Thursday, November 5, 2009

Day 31: Good English Food

English food has a bad reputation, and in many respects, I hate to say, it is warranted. However, I have been paying attention to what I eat--as my husband would say, eating "mindfully"--and have discovered a few English food gems.

The soups are fantastic. Literally. Every soup I have tried is delicious. They have unique combinations--last night it was carrot and pea puree soup--that somehow simmer well together. And soups are often always blended. Yummy.

Dairy. My friends from Switzerland say it doesn't hold a candle to their stuff. But compared to American dairy, this stuff is great, without exception. This includes yoghurt, cheese, cream, clotted cream, and fresh butter. I have taken to their hard cheeses, including the salty mozzarella, which I've been having every morning with my toast, jersey cream butter, crab apple jam, figs, and herbal teas. But I'm getting ahead of myself. Back to dairy. Something I particularly love is their habit of pouring cream over desserts, especially fresh jersey cream and strawberries.

Soda bread. Irish soda bread is very low on the glycemic index, and, as the name implies, does not have yeast in it. It is made from whole grain, is quite hardy, and absolutely delicious. And cheap.

Clotted cream and scones. An English classic if ever there was one.

Teas. Of course. As a Mormon who follows a strict dietary code, I don't partake of regular tea (white, green, or black teas) and so have nothing to say about them; however, I really enjoy the wide variety of herbal teas, especially the mint, licorice, and rose tea by Whittiard, of which I consume 2-3 cups every day.

Hot chocolate. Especially if made from syrup rather than powder. This stuff is dark and bitter, creamy, and terrible for you and especially for me (I get headaches and feel bad the rest of the day), but oh-so-good on the lips. This is true especially for hot chocolate from Cafe Nero, Starbuck's Italian chain rival that are a dime a dozen but consistently good.

Curries.
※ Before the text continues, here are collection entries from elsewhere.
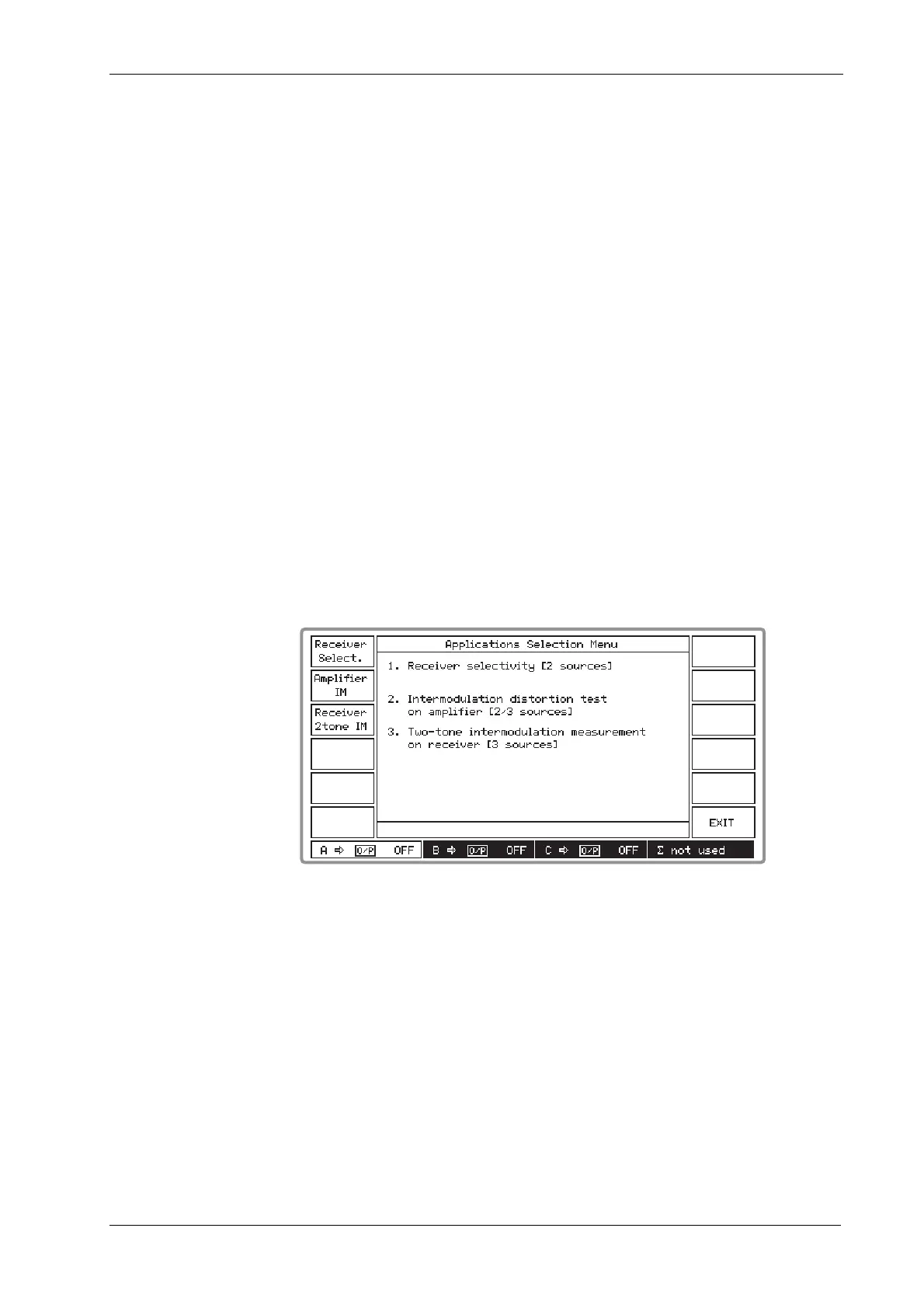 Note that when two sources are fitted the [Receiver 2tone IM] key does not appear so this test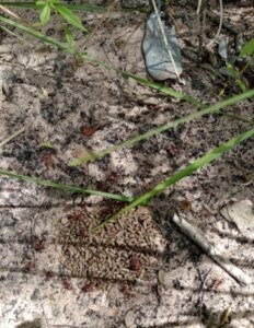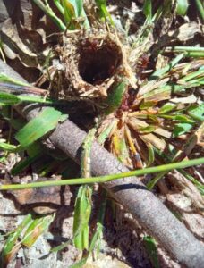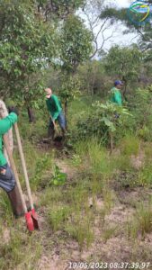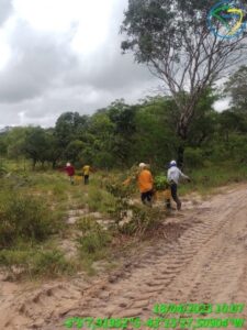 Foi realizado o coroamento manual das mudas plantadas de toda vegetação existente em um raio de 80 cm ao redor da muda, para evitar a competição por água, luz e nutrientes com a vegetação herbácea e trepadeiras.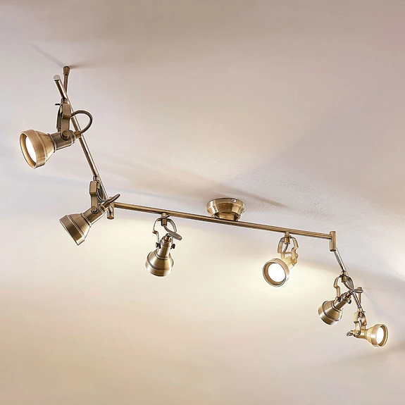 Lampa sufitowa Perseas w kolorze antycznego mosiądzu z 6 regulowanymi kloszami Ta podłużna lampa sufitowa ma klasyczny wygląd, ponieważ rama i klosze mają wykończenie w kolorze antycznego mosiądzu. Dzięki temu bardzo dobrze komponuje się z wnętrzami urządzonymi w bardziej tradycyjnym stylu. Ponieważ każdy reflektor można regulować, Perseas idealnie nadaje się do niestandardowych rozwiązań oświetleniowych, a dzięki 6 gniazdom GU10 lampa sufitowa może również z łatwością oświetlać większe pomieszczenia bez szczególnego wzrostu zużycia energii.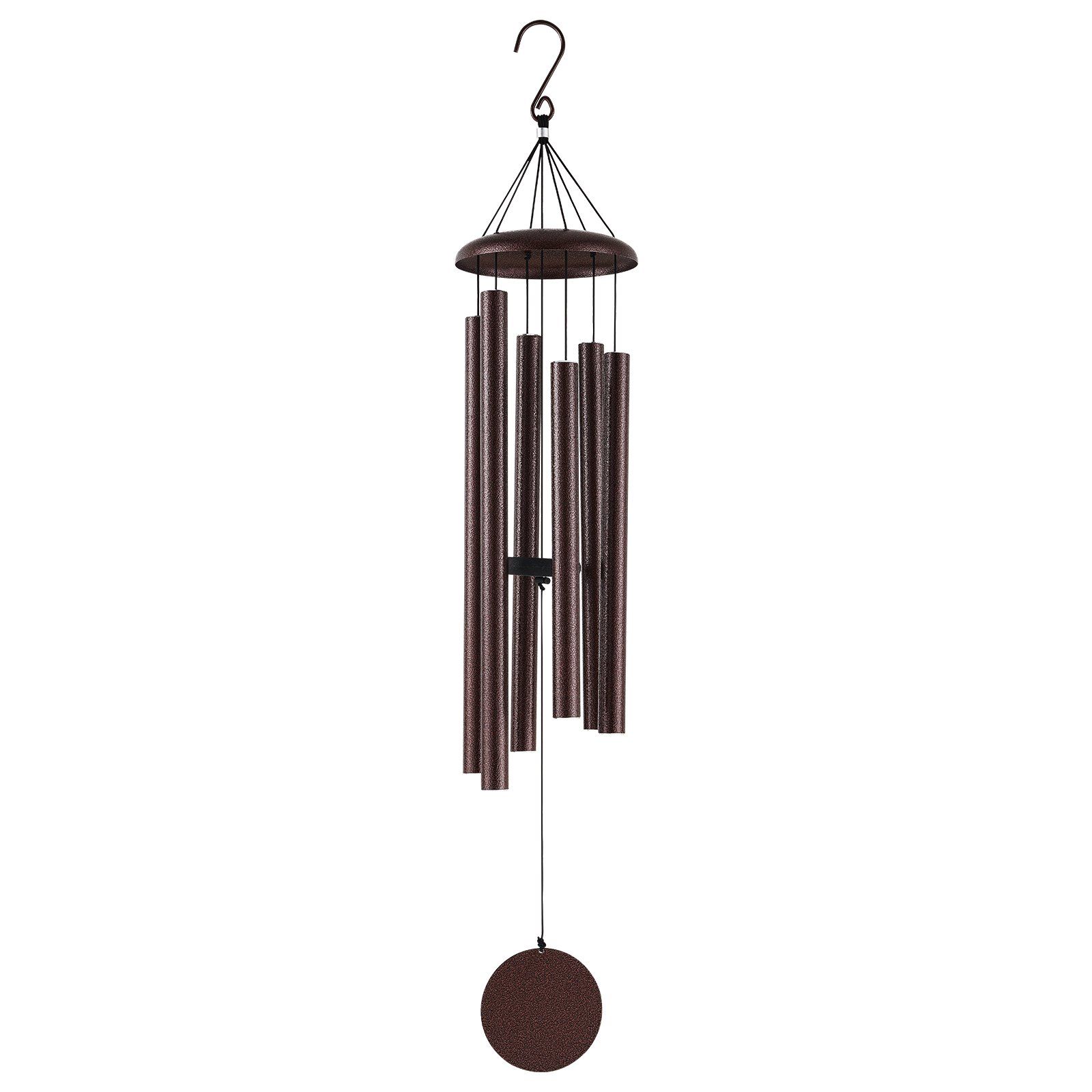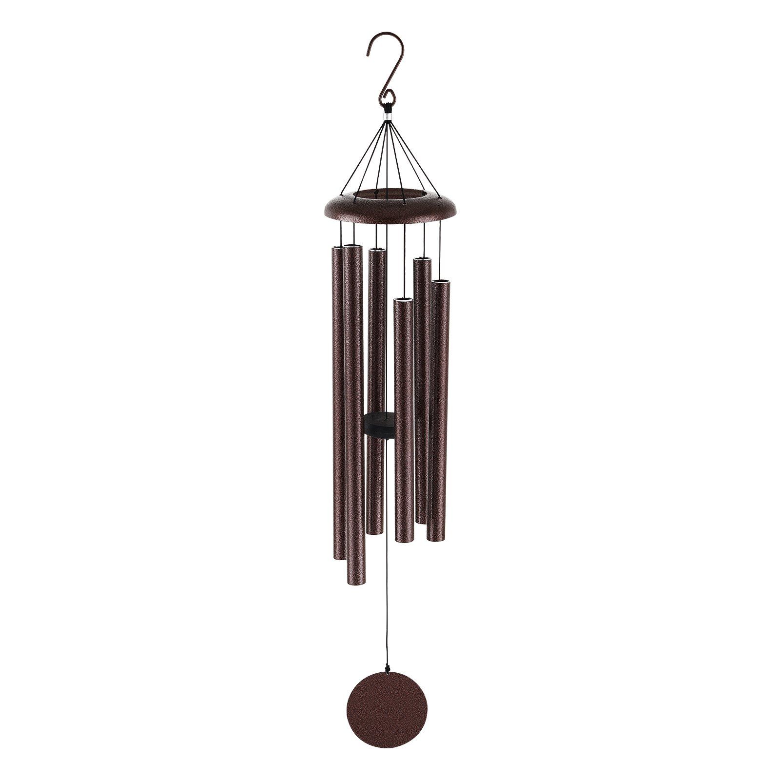 1.45-Inch Wind Chimes for Outside: Our bronze metal wind chimes feature 6 aluminum tubes, with the longest tube measuring 21.6" and a diameter of 1.18". The durable nylon cord and high-density clapper produce a rich, melodious sound. It includes a postcard, a greeting card, and an envelope.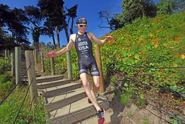 Eric Lagerstrom practices running down the steps near Fort Point two days before Escape From Alcatraz.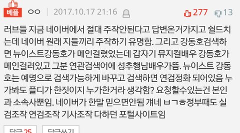 네이버 피셜로 그거 마음대로 못한다 했고 아주 플디 걍 나라건국하셈 정부에서도 함부로 못하는거 아주 쉽게 다 밀어버렸네 솔까 플디가 프로필갖고 네이버 쥐락펴락을 할 수 있는 크기의 소속사면 애초에 연검부터 싹 밀지;;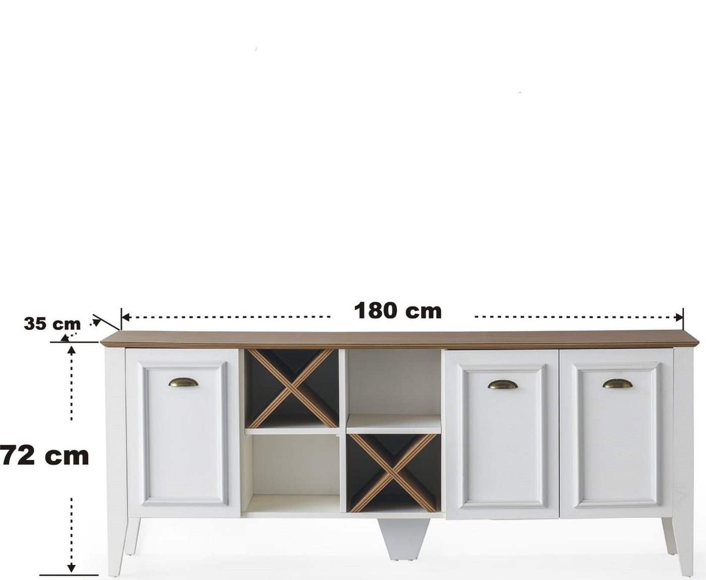 Les dimensions de la console vous permettent d'améliorer vos capacités d'organisation et de rangement. Avec une épaisseur de 18 mm, une largeur de 180 cm, une hauteur de 72 cm et une profondeur de 35 cm (2 pièces), vous disposerez de beaucoup d'espace pour exposer vos objets de décoration préférés, ranger des livres ou garder les objets essentiels à portée de main.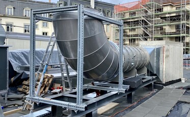 Lüftungs-Klimaanlagen für Gewerbe-/Ladenflächen, Büroräume, Nebenräume, Technikräume und Wohnungen, Gesamtluftmenge 30000m³/h Entrauchungsanlage MRWA der Gewerbe-/Ladenflächen Luftmenge 74000m³/h
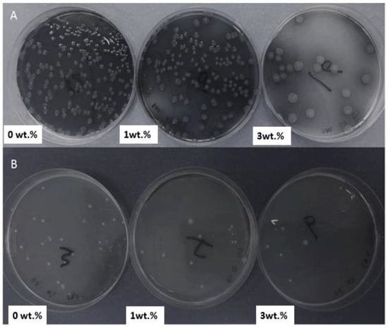 (A) C.F.U. of P. aeruginosa on nutrient agar after growing it on PMMA composites containing 0 wt. %, 1 wt. %, and 3 wt. % TiO2 for 48 h. (B) C.F.U. of E. faecalis after growing it on PMMA composites containing 0 wt. %, 1 wt. %, and 3 wt. % TiO2.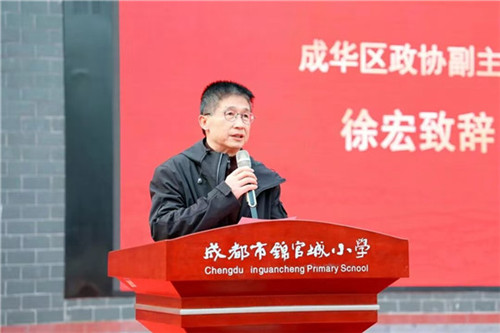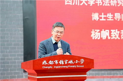 典礼现场,锦官城小学党支部书记彭学明率先致辞。他详细介绍了学校以书法教育为特色的育人实践,重点阐述了“书法+”融合育人模式——将书法与德育、智育、传统文化教育深度融合,构建沉浸式校园美育生态的探索与成效,并承诺学校将持续深耕书法教育,为传承中华文脉、培育时代新人贡献力量。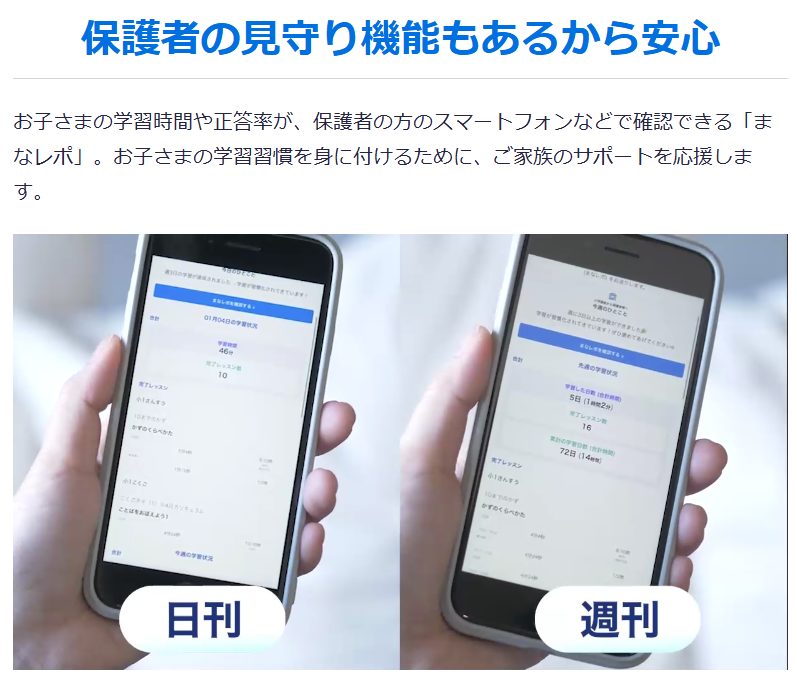 • 保護者が学習状況や理解度を確認できる「まなレポ」という機能があり、学習の進み具合や理解度を把握することができます。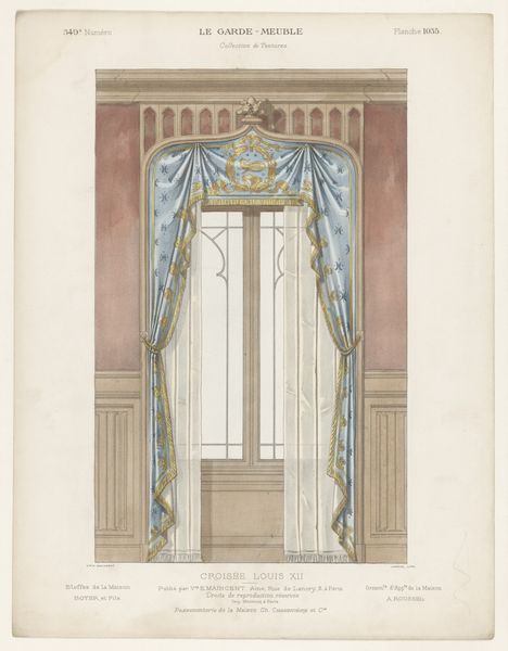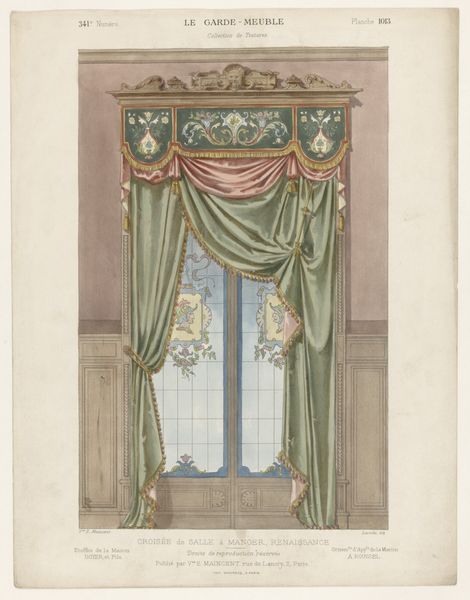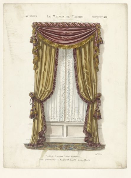 This print, "Venster met gordijnen," presents an elaborate window display, its design attributed to the Louis XIV style. The composition is dominated by an arrangement of curtains and drapery, rendered in shades of pink and green. Notice how the artist balances symmetry with asymmetry, the ornate valance contrasting with the simplicity of the window. This artwork challenges the notion of mere decoration by elevating interior design to an art form. The meticulous rendering of textures and patterns, combined with the subtle play of light and shadow, transforms the window into a stage. Here, the curtains become actors that destabilize the boundary between interior and exterior. Ultimately, this print invites us to consider how objects of everyday life, when carefully composed, can convey meaning, engage with history, and challenge our perceptions of space and form. It reminds us that art resides not just in what is depicted, but in how it is depicted.

Again, consistently good. Something about the spices always covers up whatever else the cook did wrong. Perhaps it was the fact that India was a colony for so long.

Produce. It's been said that everything in Europe is smaller. That's certainly true of the produce here. Especially the fruit. Apples, bananas, strawberries, oranges--everything is smaller. I suppose that's what happens when hormones are not used and very little is imported in the way of produce. But I love, love the strawberries (mentioned above) and the russet apples. Figs, too, can be purchased in abundance and are fresh and good.

Roasted tomatoes. I am a big fan of tomatoes anyway, so the English habit of serving roasted tomatoes with breakfast and many dinner entrees is welcome. Often, they have some kind of cheesy substance on top.

Granola bars. These organic bars can come in apricot, almond, yoghurt varieties and are very good. But a little pricey.

I'm sure I have not catalogued all good English food (I've heard of but have not experienced good English entrees), but will continue to keep eyes, ears, and tastebuds pealed.